# Functions

### One-to-one function

A1, 2013

For sets $$S$$ and $$T,$$ let $$f: S \rightarrow T$$ and $$g: T \rightarrow S$$ be functions such that $$f(g(x))=x$$ for each $$x$$. State which of the statements are true.

• (a) The function $$f$$ must be one-to-one.
• (b) The function $$g$$ must be one-to-one.
• (c) The function $$f$$ must be onto.
• (d) The function $$g$$ must be onto.

Solution

False-True-True-False.

If $$g\left(x_{1}\right)=g\left(x_{2}\right),$$ then $$x_{1}=f\left(g\left(x_{1}\right)\right)=f\left(g\left(x_{2}\right)\right)=x_{2},$$ so $$g$$ is one-to-one. Also $$f$$ is onto because each $$x \in T$$ is in the image of $$f,$$ namely $$x=f(g(x)) .$$ The other two statements are false, for example by constructing an $$S$$ that is a larger finite set than $$T$$.

### Composition

B1a, 2021

$$f$$ is a function defined on the domain $$S$$ and codomain $$T$$ and $$g$$ is a function defined on the domain $$T$$ and codomain $$U$$. Fill in the blanks with with one of the four options.
If $$g\circ f$$ is one-one then, $$f$$ is $$\underline{.......}$$ and $$g$$ is $$\underline{......}$$.
If $$g\circ f$$ is onto then, $$f$$ is $$\underline{.......}$$ and $$g$$ is $$\underline{......}$$.

Options:
A: One-one and onto.
B: One-one but need not to be onto.
C: Onto but need not to be one-one.
D: Need not to be one-one and need not be onto.

Solution

Ans. B-D-D-C.
Explanation. If $$g\circ f$$ is one-one, the $$f$$ must be one-one. If not, there are two elements $$x$$ and $$y$$ with $$x\neq y$$ such that $$f(x) = f(y)$$, which implies that $$g(x) = g(y)$$. A contradiction. However, $$f$$ need not be onto and $$g$$ need not be onto or one-one as the example below shows.

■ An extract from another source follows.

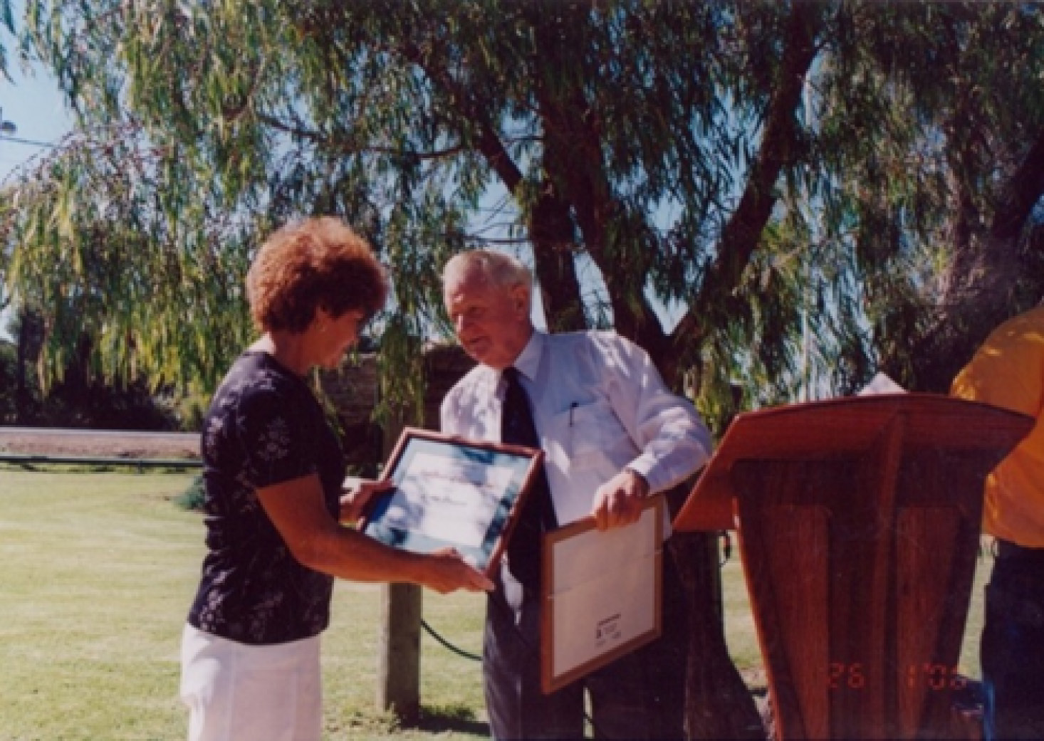 Rod permits the installation of a water tank on their land on Wirring Road to supply the town with water.Rod assists in laying the pipeline that supplies water from the old dam to irrigate the cricket oval and the Cowaramup Primary School.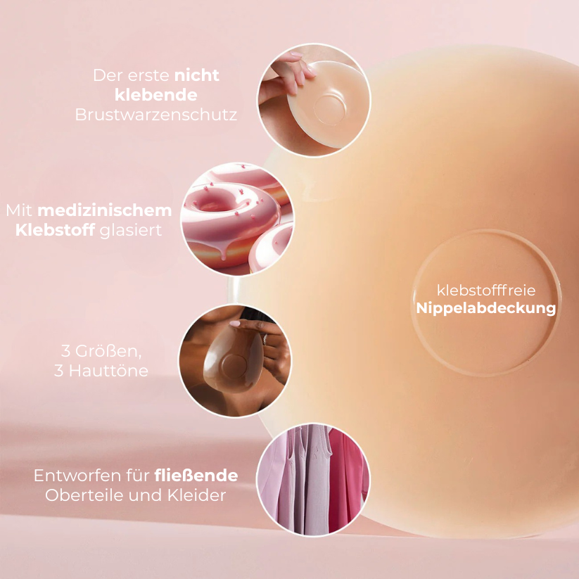 Mit den klebrigen Abdeckungen erhalten Sie sanften Halt, ohne zu reißen. Unser p-Design ist von Hand mit medizinischem Klebstoff um eine klebstofffreie Nippel-Ecke herum glasiert, um eine sichere Abdeckung zu gewährleisten, ohne dass Ihre Nippel abreißen!

If $$g\circ f$$ is onto, then $$g$$ must be onto since every element in $$U$$ must be reached by some element from $$S$$ via $$T$$. As the example below shows, this the only constraint.

See part (b) of the question

### Asymptotes

A5, 2020

Write whether the $$3$$ functions $$\frac{x^3}{(x^2-x)}, \ \frac{(x^2-x)}{x^3},\ \frac{(x^3-x)}{(x^3+x)}$$ have horizontal asymptotes, vertical asymptotes and removable discontinuities.

Solution

#### How to find a horizontal asymptote?

Let us consider the case when the given function is of the form: $f(x) = \frac{a_1x^m+a_2x^{m-1}+\cdots+a_m}{b_1x^n+b_2x^{n-1}+\cdots+b_n}$
• If $$m> n$$, then there is no horizontal asymptote.
• If $$m< n$$, then $$y=0$$ a horizontal asymptote.
• If $$m=n$$, then $$y=a_1/b_1$$ a horizontal asymptote.
We can apply this directly to the given functions. The first function has no horizontal asymptotes. The second and third functions have $$y=0$$ and $$y=1$$ as their horizontal asymptotes, respectively.

#### How to find a vertical asymptote?

Vertical asymptotes occur at those points where the denominator is zero and the numerator is non-zero.

The first two functions have $$x=1$$ and $$x=0$$ as their vertical asymptotes. The denominator is always positive for the third function, so there are no vertical asymptotes for this function.

#### Removable discontinuities

In all the functions, the term $$x$$ can be factored out from the numerator and the denominator. Hence, $$x=0$$ is a removable discontinuity for all the functions.

### Constrained function

B4, 2020

i) A continuous function $$f(x)$$ has the property that $$f(x^2)=f(x)^2.$$ If the domain of $$f$$ is $$[0,1]$$ and $$f(0)\neq 0,$$ then show that $$f$$ is unique and find $$f.$$

Solution

Since $$f(0)$$ is non-zero, $$f(0)=f(0)^2 \implies f(0)=1$$. Since $$f(x) = f(\sqrt{x})^2$$, the range of $$f$$ is non-negative. We will show that $$f(x)=1$$.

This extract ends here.